1. 47

    1. 15

      Avoid writing your own code generator, linker, etc

      I think this hints at but doesn’t fully explore a much deeper question: do you want to create a new language or do you want to create a language and a whole new runtime?

      Historically everyone picked the second option, but nowadays it’s becoming much more common to just create a language without jumping thru all the hoops of creating a new runtime from scratch. This post cautions against going all the way and building everything from scratch, but I think it misses a broader point: targeting an existing VM will save you a ton more work than just reusing a code generator and linker; you can get debuggers, libraries, profilers, package managers, and more for free just by targeting an existing VM.

      Granted some people do want the learning experience of building everything from scratch, but for people who are interested in language implementation specifically it can be a huge yak shave. As a very nice bonus, most of the arguments for “avoid self-hosting your compiler” don’t apply unless you are building out your runtime from scratch.

      Edit: disclaimer: I’ve worked professionally mostly with Clojure (a hosted language) over the past decade and am the lead developer on Fennel (also a hosted language).

      1. 3

        I think it falls back down to do you have to. In the past it was maybe more necessary to create a whole runtime. Nowdays there are a handful of more or less pluggable runtimes that you can grab off of the shelf.

        It falls back into the same startup advice of outsourcing anything that isn’t critical to your market fit. If you are creating a language your resources will go a lot further if you make a language not a VM, JIT, runtime library and more. So if you don’t need to don’t.

      2. 1

        In a “managed” language your deeper question is relevant here, but in an AOT-compiled language like Rust or Zig you need to deal with codegen and linking even if you target the standard runtime (ABI.) In that case you can write your own, which I think Zig does, or use LLVM like Rust, or use other simpler implementations like Mir or QBE.

        1. 1

          I guess that’s part of my point; if you choose to make a language like that, you’re choosing to make a lot more than just a language.
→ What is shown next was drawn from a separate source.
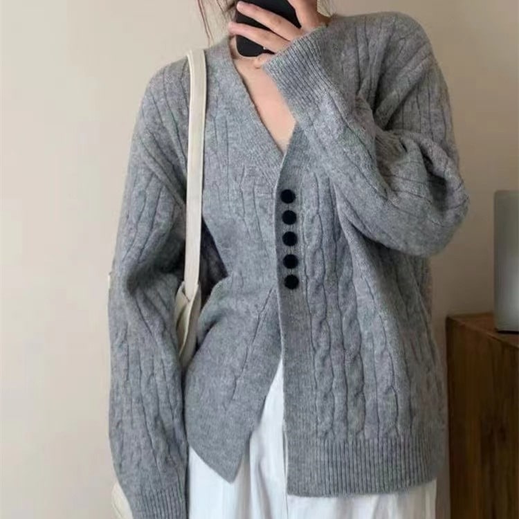 新作 ニットカーディガン 秋冬 韓国ファッション レディーストップス 百掛け ゆったり 長袖アウター カーディガン

Maybe “runtime” isn’t quite the right word for it, but the point still stands.

    2. 12

      What a fantastic article.

      Unfortunately, the free tier (at the time of writing) only supports AMD64 runners, and while it does support macOS ARM64 runners, these cost $0.16 per minute.

      A big shout out here to Cirrus CI. They offer x86-64 and AArch64 for macOS, Linux, and FreeBSD. Not sure if they have Arm support for Windows.

      They have a free tier for open source projects but it’s pretty generous (don’t build LLVM every day with it, but every few days is fine) and their pricing is much more competitive than GitHub’s (which is Azure pricing plus a 10x markup).

      One thing I slightly disagree on:

      Don’t prioritize performance over functionality

      Build a high-performance prototype of the critical part. Even if you aren’t able to connect everything together, build a fast prototype the core bit of the object model, the dispatch routine, or whatever it is and write some realistic microbenchmarks. They don’t have to be built from your compiler, they can be C or assembly fragments that represent what you eventually want your compiler to generate. This helps you avoid making early design decisions that tie you into slow operations.

      1. 2

        I took it to mean compiler performance, rather than compiled program performance.

        I’ve personally over emphasized compiler performance even without knowing anything about parts of the compiler I was implementing. Which led to some very ugly code.

        So to me that point makes sense, but I also think it is important to keep it in mind when designing the language, so that even if the compiler is not fast now, it could be made fast later when needed.

    3. 2

      Oh, and good luck finding a book that explains how to write a type-checker, let alone one that covers more practical topics such as supporting sub-typing, generics, and so on.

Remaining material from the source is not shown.